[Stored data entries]

──────────────────────────────

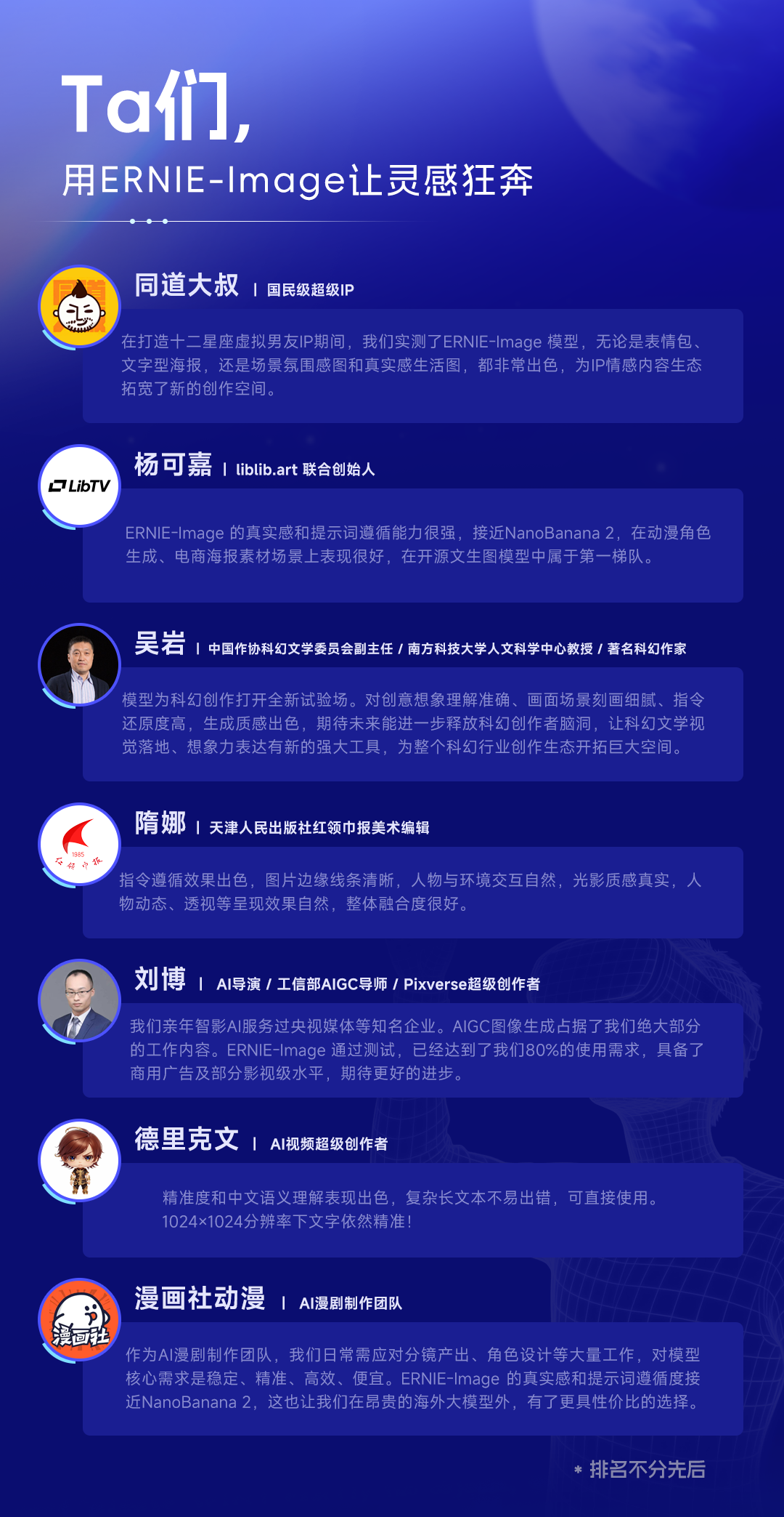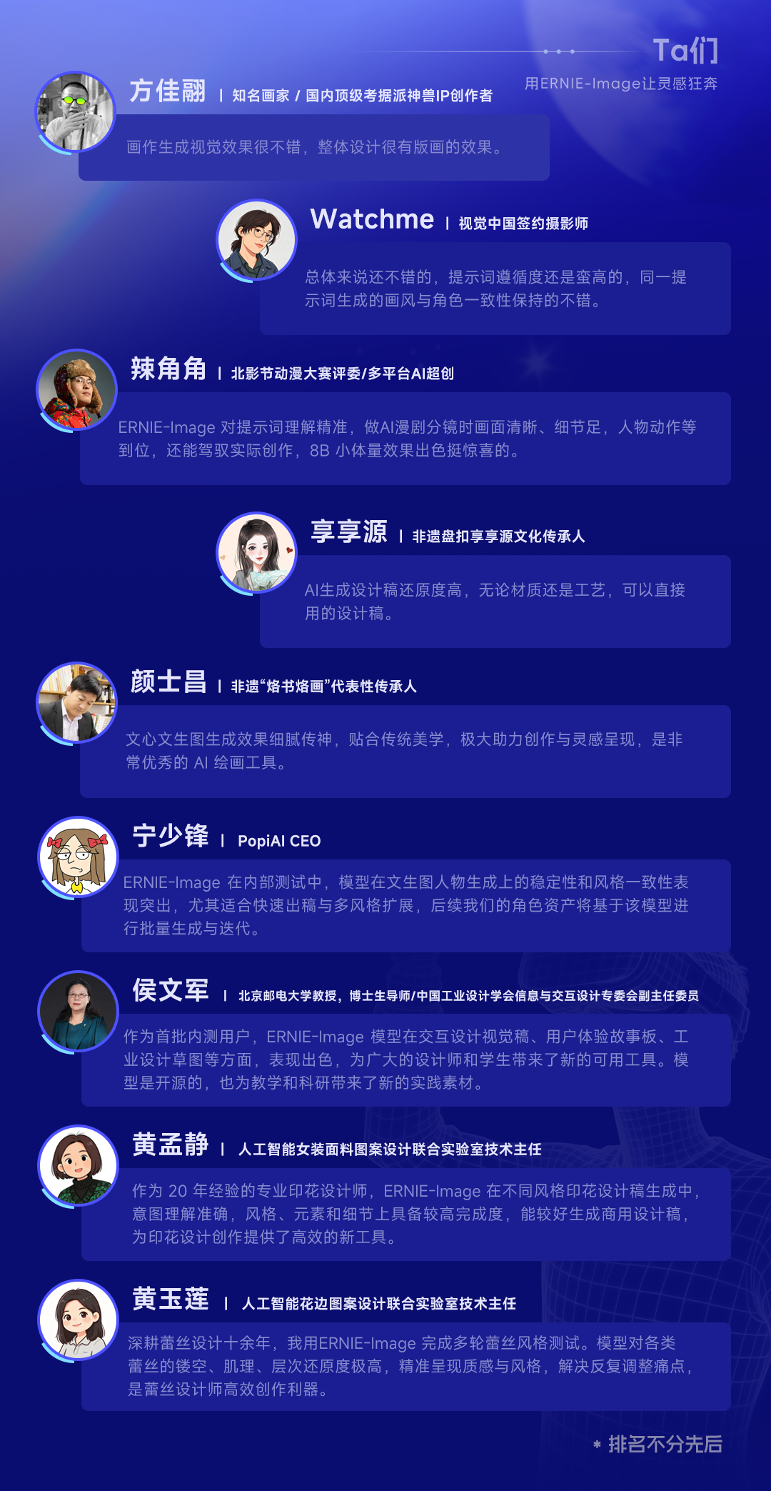 在ERNIE-Image内测期间,我们邀请了来自设计、动漫、非遗等不同领域的知名专家,结合实际应用场景对ERNIE-Image展开了测评,获得了众多好评。
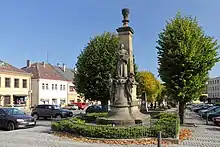The historic town centre is formed by Husovo Square. It main landmark is the town hall from 1864, after the previous town hall burned down. It has a neo-Gothic façade.[10] Town Museum and Gallery was founded in 1891 and since 1945 is located in the Hrubý House, the only Neoclassical building in the town built in the 1820s.[11]
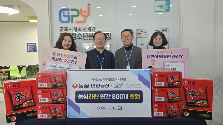 이번 협력은 지역 기업과 공공 청소년기관이 함께 지역사회 청소년의 먹거리 안전망을 강화하기 위해 추진된 것으로, 농심 안양공장은 분기별 10박스씩 연 4회 라면을 지원할 예정이다. 1박스당 20개입 기준으로 연간 총 800개의 라면이 군포 지역 청소년들에게 전달된다.
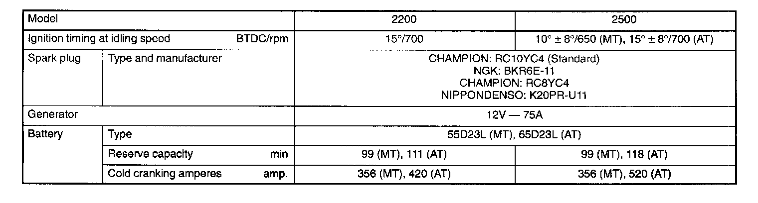 Starting and Charging: Specifications
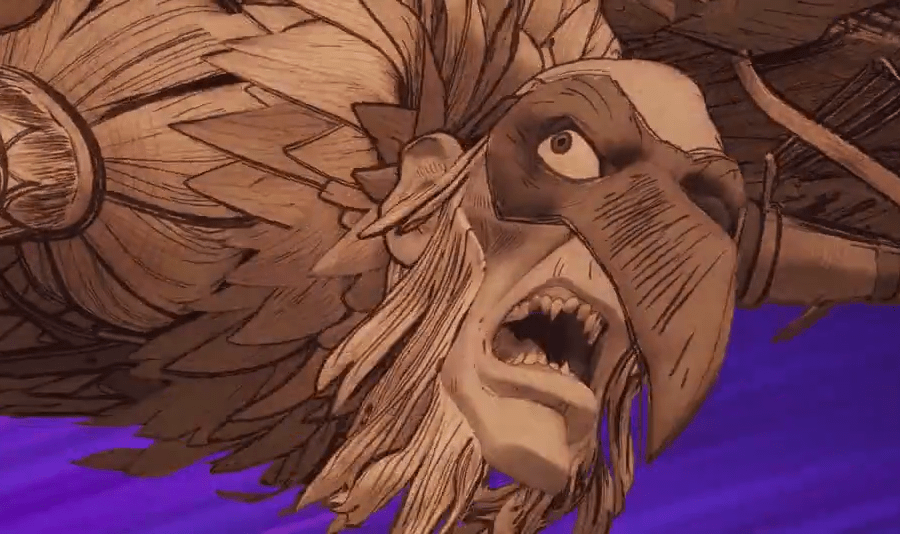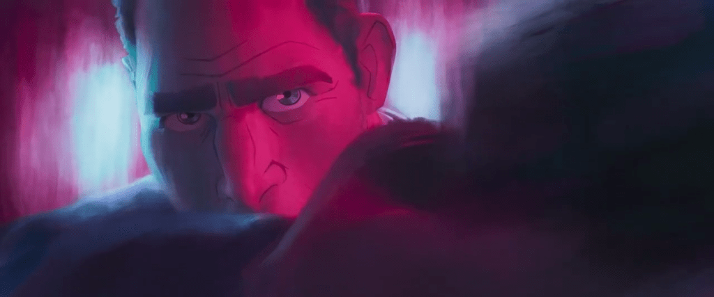 Continuing this film series’ bizarre talent for combining different art styles seamlessly, this take on Vulture is a moving da Vinci-style linework/schematic on yellowed paper who interacts with Gwen’s world perfectly. Gwen sees Vulture glitching and correctly assumes he’s from a Renaissance-era dimension who’s been displaced into her’s somehow (Vulture snarls in an Italian accent, “Yes, that’s pretty much it!”)
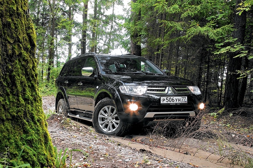 На ходу Pajero Sport неплох. Держит прямую, четко прописывает повороты. Дизель позволяет без надрыва держать крейсерские 120 км/ч и даже выходить на обгоны, заранее «скинув» пару передач подрулевыми лепестками «автомата». Правда, педаль тормоза длинноходна и требует большого усилия при экстренном замедлении, а на разбитом асфальте начинают донимать вибрации неподрессоренных масс. Зато на бездорожье Pajero Sport — боец! Спасибо внушительному дорожному просвету (215 мм до картера заднего моста) и трансмиссии Super Select с понижающей передачей и блокировками межосевого и заднего межколесного дифференциалов. С таким арсеналом главным ограничителем по проходимости становятся шины. А основным раздражителем — рулевой механизм: он «длинный» (4,2 оборота от упора до упора) и слишком рьяно передает на баранку удары на кочках.
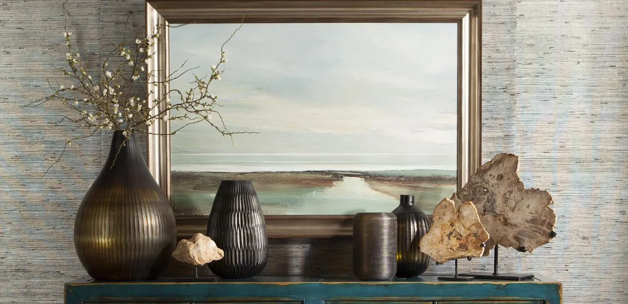 This "big sky" landscape gets a little bit of shine from its stunning brushed champagne frame. The tranquil scene and colors can't help but draw you in.
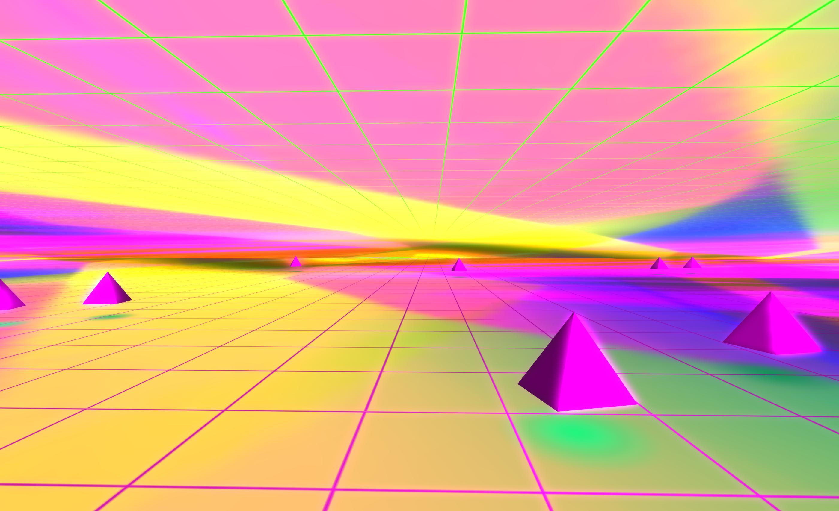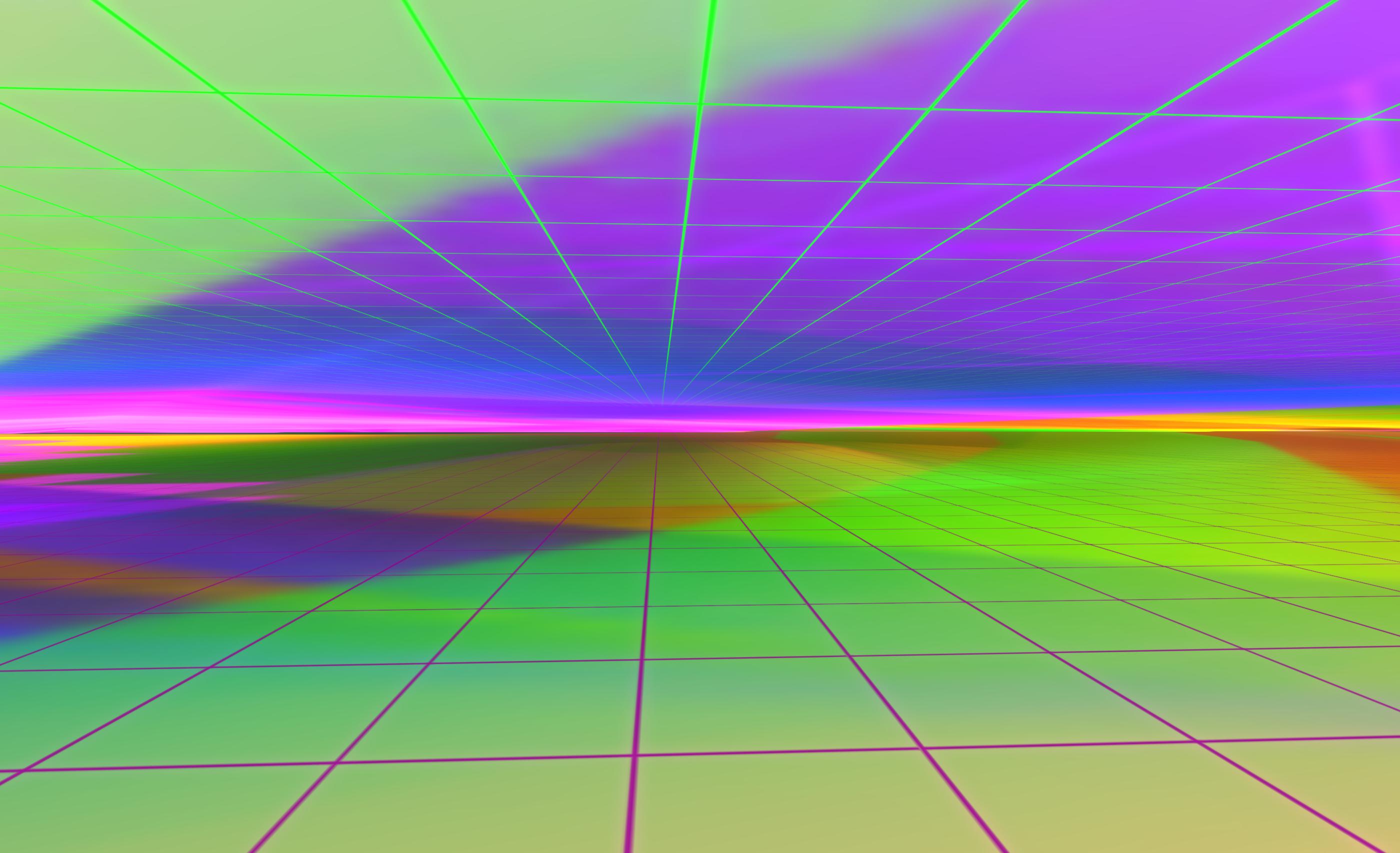 Infinity Space comprises a huge, multi-hued horizontal space overlaid with two grids, one above the visitor’s head and one below their feet, all of which recedes infinitely into the distance no matter where you stand – or how far you walk.
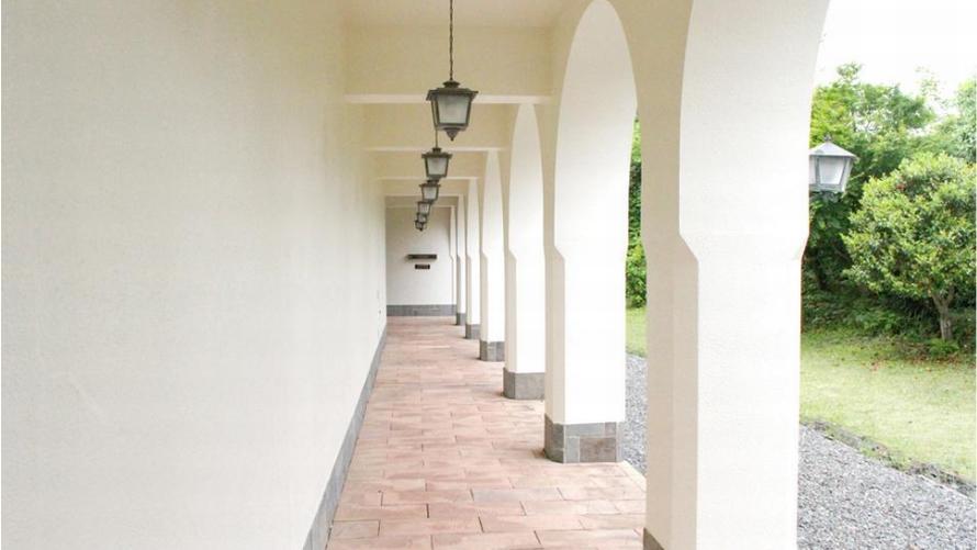 ホテルからクラブハウスへの回廊は特殊な形状の柱が不思議な雰囲気をかもしだしています。

──────────────────────────────

> [Required work] Whenever images occur above, omit them and retype each line exactly as it stands.

> [Answer area]
 在ERNIE-Image内测期间,我们邀请了来自设计、动漫、非遗等不同领域的知名专家,结合实际应用场景对ERNIE-Image展开了测评,获得了众多好评。
The historic town centre is formed by Husovo Square. It main landmark is the town hall from 1864, after the previous town hall burned down. It has a neo-Gothic façade.[10] Town Museum and Gallery was founded in 1891 and since 1945 is located in the Hrubý House, the only Neoclassical building in the town built in the 1820s.[11]
 이번 협력은 지역 기업과 공공 청소년기관이 함께 지역사회 청소년의 먹거리 안전망을 강화하기 위해 추진된 것으로, 농심 안양공장은 분기별 10박스씩 연 4회 라면을 지원할 예정이다. 1박스당 20개입 기준으로 연간 총 800개의 라면이 군포 지역 청소년들에게 전달된다.
 Starting and Charging: Specifications
 Continuing this film series’ bizarre talent for combining different art styles seamlessly, this take on Vulture is a moving da Vinci-style linework/schematic on yellowed paper who interacts with Gwen’s world perfectly. Gwen sees Vulture glitching and correctly assumes he’s from a Renaissance-era dimension who’s been displaced into her’s somehow (Vulture snarls in an Italian accent, “Yes, that’s pretty much it!”)
 На ходу Pajero Sport неплох. Держит прямую, четко прописывает повороты. Дизель позволяет без надрыва держать крейсерские 120 км/ч и даже выходить на обгоны, заранее «скинув» пару передач подрулевыми лепестками «автомата». Правда, педаль тормоза длинноходна и требует большого усилия при экстренном замедлении, а на разбитом асфальте начинают донимать вибрации неподрессоренных масс. Зато на бездорожье Pajero Sport — боец! Спасибо внушительному дорожному просвету (215 мм до картера заднего моста) и трансмиссии Super Select с понижающей передачей и блокировками межосевого и заднего межколесного дифференциалов. С таким арсеналом главным ограничителем по проходимости становятся шины. А основным раздражителем — рулевой механизм: он «длинный» (4,2 оборота от упора до упора) и слишком рьяно передает на баранку удары на кочках.
 This "big sky" landscape gets a little bit of shine from its stunning brushed champagne frame. The tranquil scene and colors can't help but draw you in.
 Infinity Space comprises a huge, multi-hued horizontal space overlaid with two grids, one above the visitor’s head and one below their feet, all of which recedes infinitely into the distance no matter where you stand – or how far you walk.
 ホテルからクラブハウスへの回廊は特殊な形状の柱が不思議な雰囲気をかもしだしています。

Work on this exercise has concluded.